Below is a listing; restate from it, character for character, the lines beginning at the line holding "Характеристики товара Ремкомплект" and ending at the line holding "店内で少し待っておりますと、", both included.

RECORDS FOR THIS EXERCISE:
━━━━
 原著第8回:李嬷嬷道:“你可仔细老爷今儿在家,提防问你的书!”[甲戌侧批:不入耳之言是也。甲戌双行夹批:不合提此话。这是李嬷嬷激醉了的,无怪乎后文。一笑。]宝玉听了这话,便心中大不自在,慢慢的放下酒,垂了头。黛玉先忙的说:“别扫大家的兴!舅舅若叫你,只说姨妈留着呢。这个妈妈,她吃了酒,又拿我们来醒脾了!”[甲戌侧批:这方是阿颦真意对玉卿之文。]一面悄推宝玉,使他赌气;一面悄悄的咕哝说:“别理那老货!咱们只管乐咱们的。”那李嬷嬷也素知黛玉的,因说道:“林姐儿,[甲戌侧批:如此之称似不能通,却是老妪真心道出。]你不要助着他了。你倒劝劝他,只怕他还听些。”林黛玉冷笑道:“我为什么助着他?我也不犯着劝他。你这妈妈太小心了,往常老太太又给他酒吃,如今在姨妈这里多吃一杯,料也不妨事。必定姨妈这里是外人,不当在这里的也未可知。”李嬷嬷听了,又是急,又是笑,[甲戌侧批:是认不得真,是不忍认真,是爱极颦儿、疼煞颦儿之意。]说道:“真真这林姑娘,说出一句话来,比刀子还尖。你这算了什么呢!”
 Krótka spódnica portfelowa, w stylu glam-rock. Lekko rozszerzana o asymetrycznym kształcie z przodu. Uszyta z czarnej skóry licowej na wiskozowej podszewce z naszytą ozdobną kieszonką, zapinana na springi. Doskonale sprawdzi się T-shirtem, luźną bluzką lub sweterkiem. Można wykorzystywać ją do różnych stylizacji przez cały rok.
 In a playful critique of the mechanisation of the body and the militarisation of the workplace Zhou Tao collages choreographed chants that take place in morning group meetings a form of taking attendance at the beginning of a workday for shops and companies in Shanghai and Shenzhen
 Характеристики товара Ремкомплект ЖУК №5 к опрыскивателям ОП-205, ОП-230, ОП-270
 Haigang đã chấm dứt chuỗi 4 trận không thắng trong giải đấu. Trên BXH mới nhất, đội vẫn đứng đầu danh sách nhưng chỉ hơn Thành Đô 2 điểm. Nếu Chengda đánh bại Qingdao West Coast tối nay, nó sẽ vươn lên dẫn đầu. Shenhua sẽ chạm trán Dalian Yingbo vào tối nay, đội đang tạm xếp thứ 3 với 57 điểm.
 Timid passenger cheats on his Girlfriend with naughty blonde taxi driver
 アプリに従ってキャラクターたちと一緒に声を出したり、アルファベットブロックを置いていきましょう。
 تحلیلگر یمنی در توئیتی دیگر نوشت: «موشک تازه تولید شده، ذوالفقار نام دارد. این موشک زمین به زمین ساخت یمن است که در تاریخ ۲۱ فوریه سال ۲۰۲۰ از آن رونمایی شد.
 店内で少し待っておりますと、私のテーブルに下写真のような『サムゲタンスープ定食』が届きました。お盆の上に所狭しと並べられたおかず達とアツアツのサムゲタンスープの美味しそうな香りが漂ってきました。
━━━━
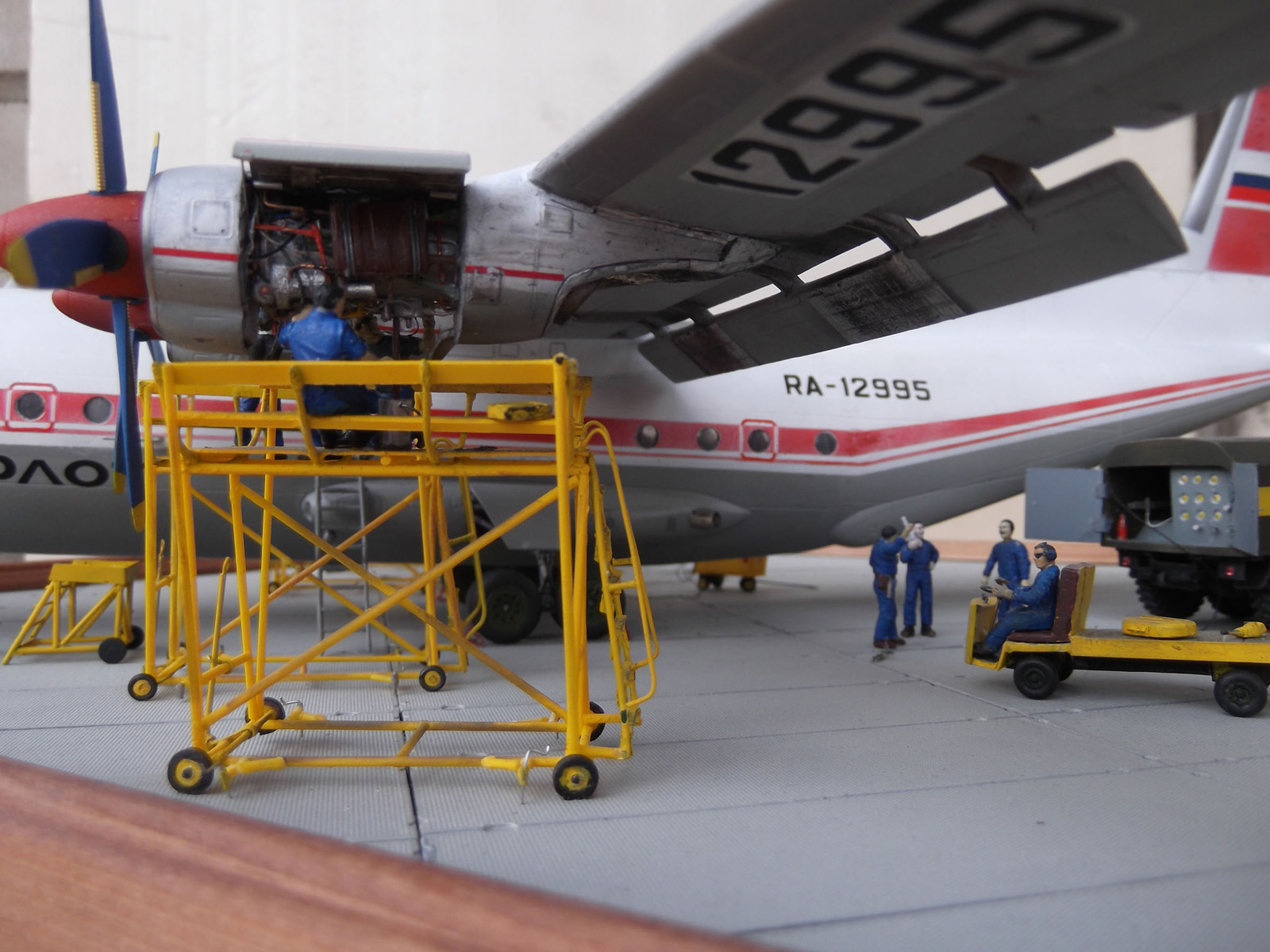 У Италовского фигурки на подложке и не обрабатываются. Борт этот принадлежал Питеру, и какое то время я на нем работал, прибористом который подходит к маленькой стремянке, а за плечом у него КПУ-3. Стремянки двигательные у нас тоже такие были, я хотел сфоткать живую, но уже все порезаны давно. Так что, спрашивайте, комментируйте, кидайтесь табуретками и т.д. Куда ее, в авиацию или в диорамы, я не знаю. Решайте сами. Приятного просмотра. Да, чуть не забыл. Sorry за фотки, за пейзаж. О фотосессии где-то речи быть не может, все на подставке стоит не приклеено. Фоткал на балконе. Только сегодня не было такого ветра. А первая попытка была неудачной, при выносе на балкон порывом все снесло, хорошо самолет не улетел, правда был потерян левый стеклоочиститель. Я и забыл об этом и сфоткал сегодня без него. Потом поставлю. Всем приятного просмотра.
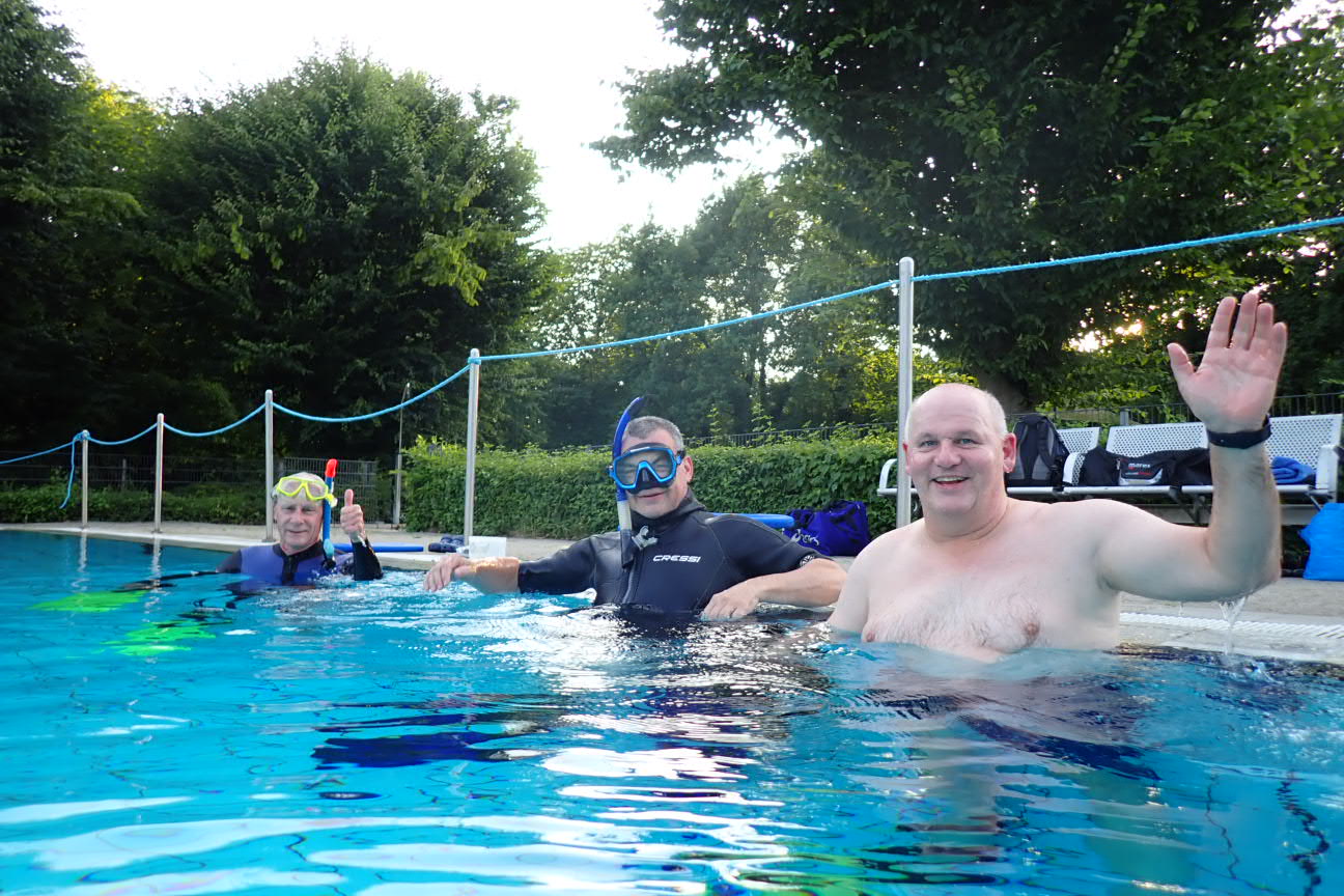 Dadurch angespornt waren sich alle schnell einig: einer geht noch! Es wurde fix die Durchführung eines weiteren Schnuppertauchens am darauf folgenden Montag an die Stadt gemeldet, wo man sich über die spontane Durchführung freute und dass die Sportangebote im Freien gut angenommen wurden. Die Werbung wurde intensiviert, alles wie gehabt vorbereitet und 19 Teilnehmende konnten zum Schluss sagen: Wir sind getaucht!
━━━━
REPLY TO THE TASK:
 Характеристики товара Ремкомплект ЖУК №5 к опрыскивателям ОП-205, ОП-230, ОП-270
 Haigang đã chấm dứt chuỗi 4 trận không thắng trong giải đấu. Trên BXH mới nhất, đội vẫn đứng đầu danh sách nhưng chỉ hơn Thành Đô 2 điểm. Nếu Chengda đánh bại Qingdao West Coast tối nay, nó sẽ vươn lên dẫn đầu. Shenhua sẽ chạm trán Dalian Yingbo vào tối nay, đội đang tạm xếp thứ 3 với 57 điểm.
 Timid passenger cheats on his Girlfriend with naughty blonde taxi driver
 アプリに従ってキャラクターたちと一緒に声を出したり、アルファベットブロックを置いていきましょう。
 تحلیلگر یمنی در توئیتی دیگر نوشت: «موشک تازه تولید شده، ذوالفقار نام دارد. این موشک زمین به زمین ساخت یمن است که در تاریخ ۲۱ فوریه سال ۲۰۲۰ از آن رونمایی شد.
 店内で少し待っておりますと、私のテーブルに下写真のような『サムゲタンスープ定食』が届きました。お盆の上に所狭しと並べられたおかず達とアツアツのサムゲタンスープの美味しそうな香りが漂ってきました。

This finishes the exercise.